▸ **Entries taken from a collection**:
*****
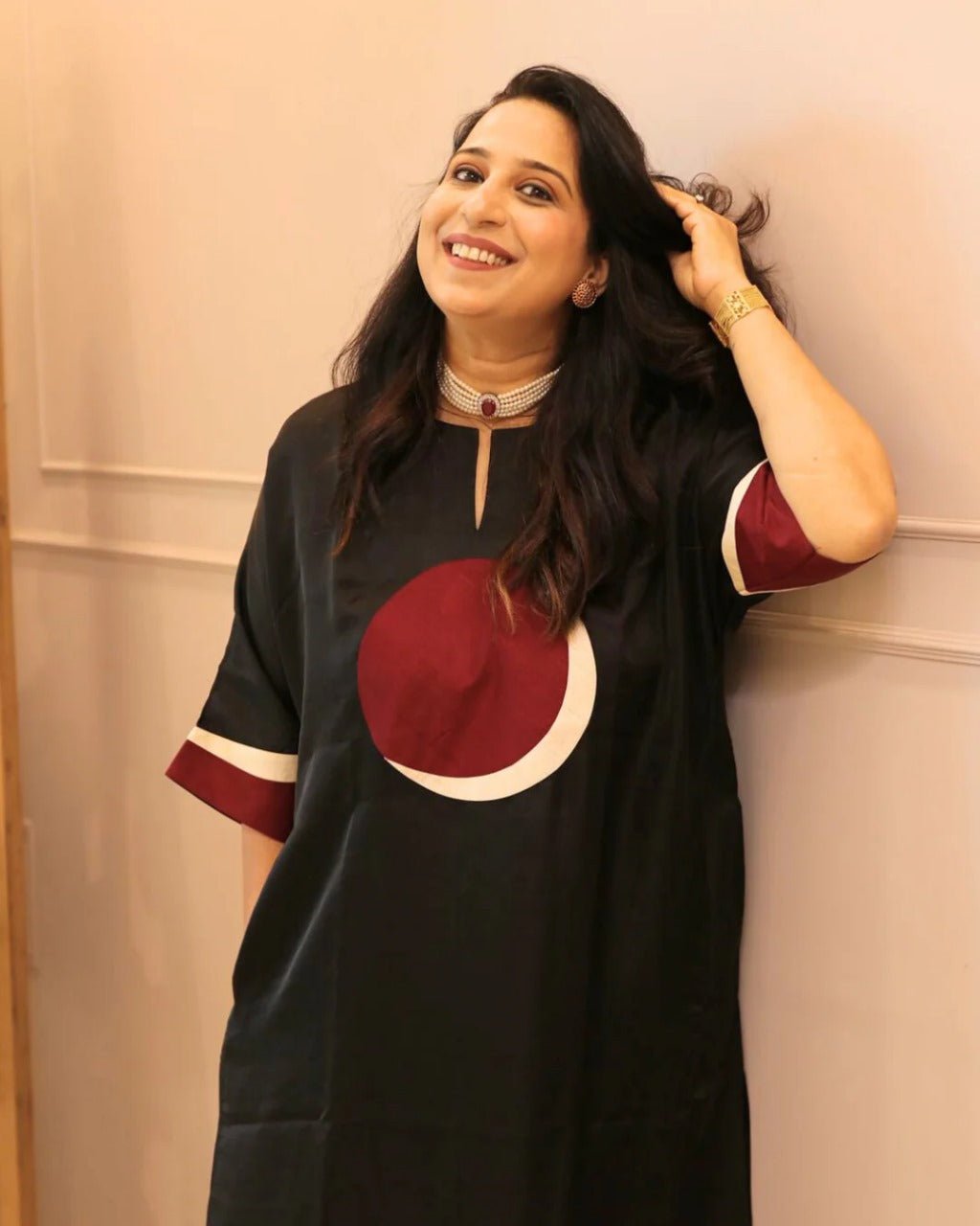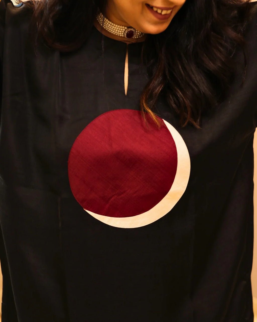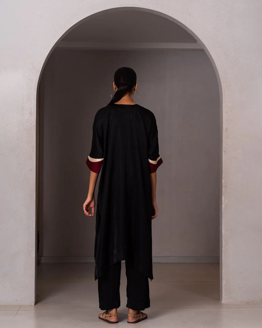 Embrace timeless sophistication with this striking black silk ensemble. The keyhole V-neck tunic features elegant 3/4 sleeves and a slip-on silhouette, while a practical side pocket enhances functionality. Paired with mid-rise pants in a flattering A-line cut, the straight fit and full elasticated waistband provide effortless comfort throughout the day. Rendered in luxurious silk, this versatile set serves as a wardrobe essential—equally at home in professional settings or refined casual occasions.
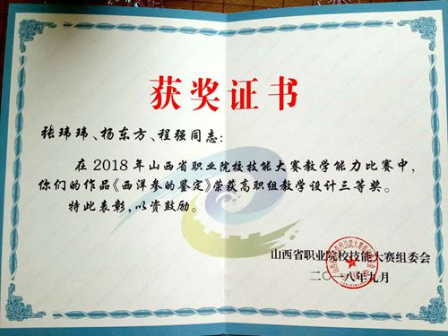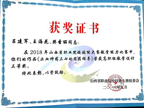 在刚刚落下帷幕的2018年山西省职业院校技能大赛教学能力比赛中,365上市公司官网入口教师取得高职组信息化教学设计比赛二等奖一项、三等奖三项的好成绩,其中,贾文雅、王祎、赵敏的作品《转场动画》获教学设计二等奖,吕建军、王海花、樊圣丽的作品《止血神药三七的用药指导》获教学设计三等奖,张玮玮、杨东方、程强老师的作品《西洋参的鉴定》获教学设计三等奖,张府君、郝晶晶、孙靓的作用《黄曲霉素检测》获教学设计三等奖。并且张玮玮、杨东方、程强老师的作品还被省教育厅选送参加2018年全国职业院校教学能力比赛,这充分展示了365上市公司官网入口教师过硬的教育教学水平和综合素质,也反映出365上市公司官网入口在教育教学改革、师资队伍建设等方面的建设成果。
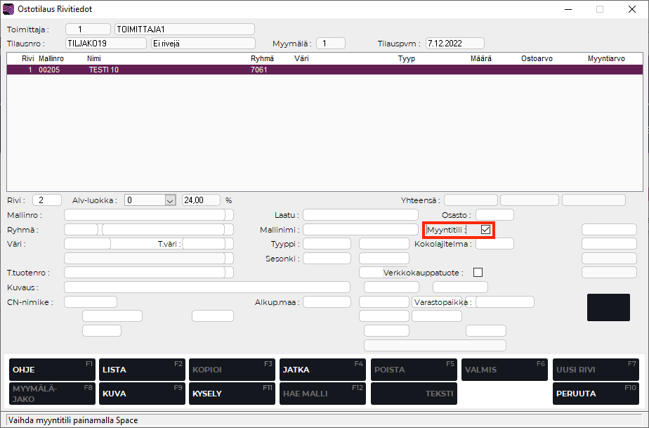 Myyntitili-merkintä ostotilauksen rivitiedoissa (koko- ja värilajitelma käytössä)
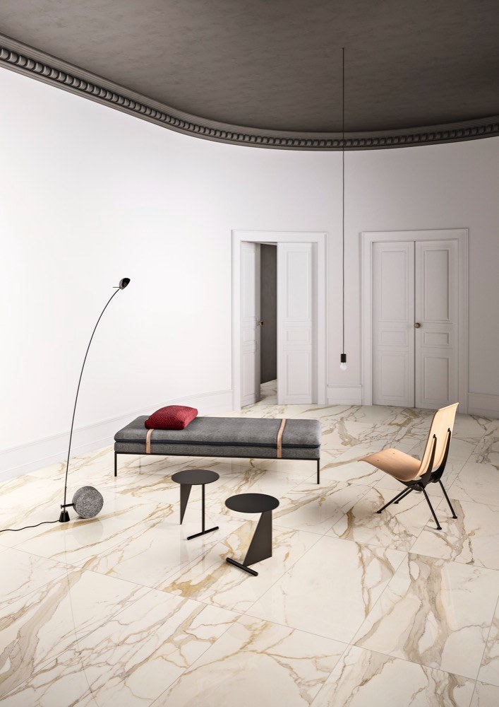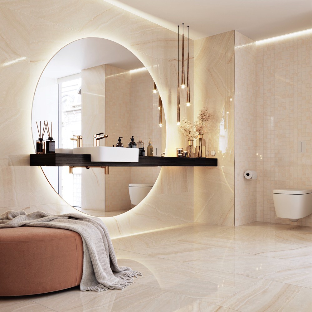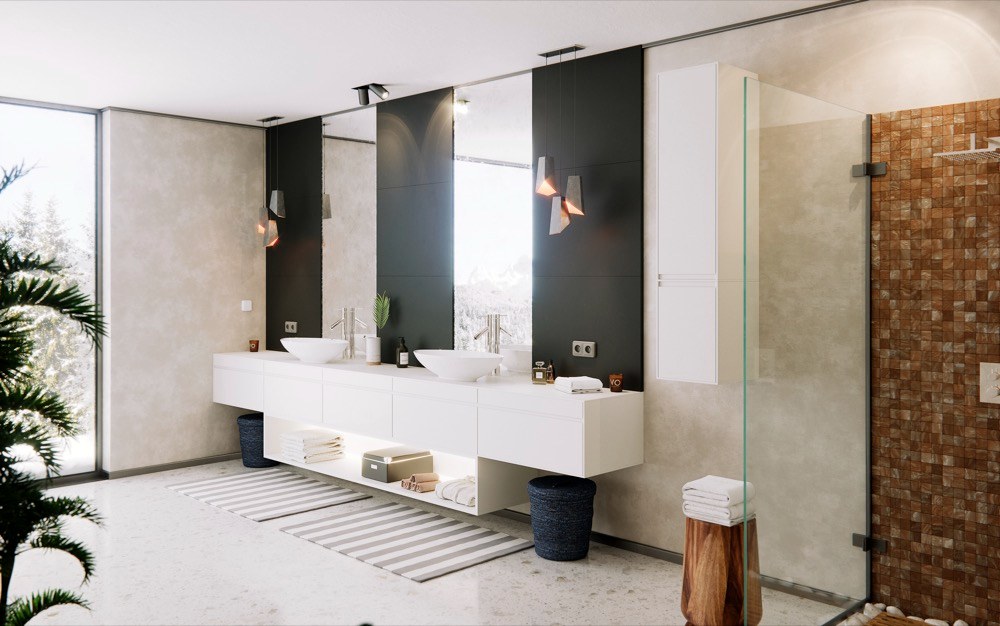 Koupelna s minimem spár působí uceleně, kompaktně. Navíc když si představíte dlažbu ve formátu 120 x 260 cm, tak třeba struktura mramoru krásně vynikne a přiměje vás i pochybovat o tom, jestli se skutečně nejedná o opravdový mramor. Snažte se ale prostor zbytečně nepřeplnit koupelnovým nábytkem příliš velkých rozměrů, aby si stále zachoval vzdušnost. Jen tak může tento materiál vyniknout!
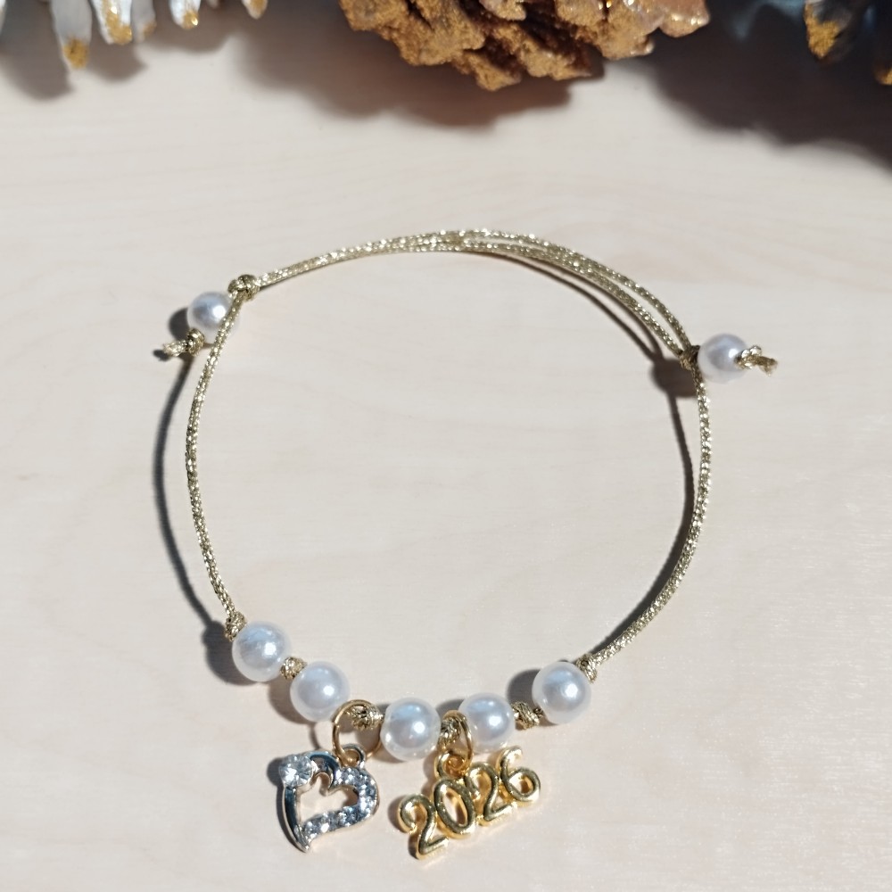 Οικονομικό χειροποίητο Γούρι 2026 βραχιόλι με γυαλιστερό κορδόνι, αυξομειούμενο.
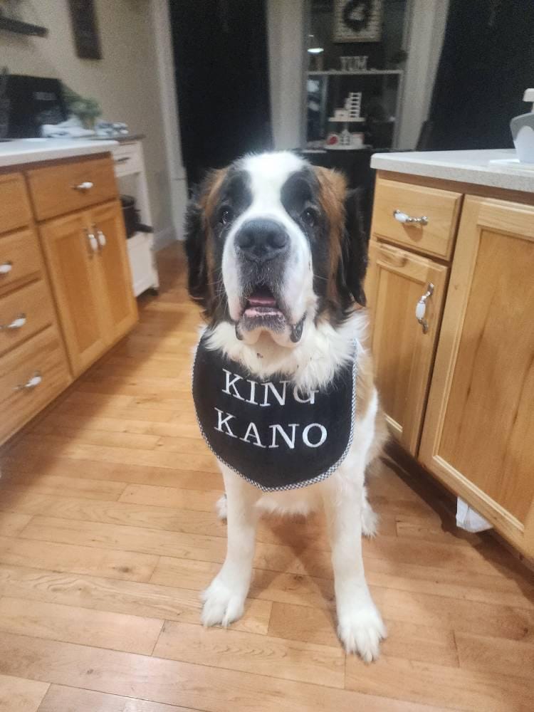 My dog LOVES his new bib! It's adorable, functional, and a perfect fit for my Saint Bernard. We have purchased several bibs from this seller and love them all.
*****
▸ **Task prompt**: Would you retype the entries above in full, exactly as written, minus the pictures?

▸ **Exercise answer**:
 Embrace timeless sophistication with this striking black silk ensemble. The keyhole V-neck tunic features elegant 3/4 sleeves and a slip-on silhouette, while a practical side pocket enhances functionality. Paired with mid-rise pants in a flattering A-line cut, the straight fit and full elasticated waistband provide effortless comfort throughout the day. Rendered in luxurious silk, this versatile set serves as a wardrobe essential—equally at home in professional settings or refined casual occasions.
 在刚刚落下帷幕的2018年山西省职业院校技能大赛教学能力比赛中,365上市公司官网入口教师取得高职组信息化教学设计比赛二等奖一项、三等奖三项的好成绩,其中,贾文雅、王祎、赵敏的作品《转场动画》获教学设计二等奖,吕建军、王海花、樊圣丽的作品《止血神药三七的用药指导》获教学设计三等奖,张玮玮、杨东方、程强老师的作品《西洋参的鉴定》获教学设计三等奖,张府君、郝晶晶、孙靓的作用《黄曲霉素检测》获教学设计三等奖。并且张玮玮、杨东方、程强老师的作品还被省教育厅选送参加2018年全国职业院校教学能力比赛,这充分展示了365上市公司官网入口教师过硬的教育教学水平和综合素质,也反映出365上市公司官网入口在教育教学改革、师资队伍建设等方面的建设成果。
 Myyntitili-merkintä ostotilauksen rivitiedoissa (koko- ja värilajitelma käytössä)
 Koupelna s minimem spár působí uceleně, kompaktně. Navíc když si představíte dlažbu ve formátu 120 x 260 cm, tak třeba struktura mramoru krásně vynikne a přiměje vás i pochybovat o tom, jestli se skutečně nejedná o opravdový mramor. Snažte se ale prostor zbytečně nepřeplnit koupelnovým nábytkem příliš velkých rozměrů, aby si stále zachoval vzdušnost. Jen tak může tento materiál vyniknout!
 Οικονομικό χειροποίητο Γούρι 2026 βραχιόλι με γυαλιστερό κορδόνι, αυξομειούμενο.
 My dog LOVES his new bib! It's adorable, functional, and a perfect fit for my Saint Bernard. We have purchased several bibs from this seller and love them all.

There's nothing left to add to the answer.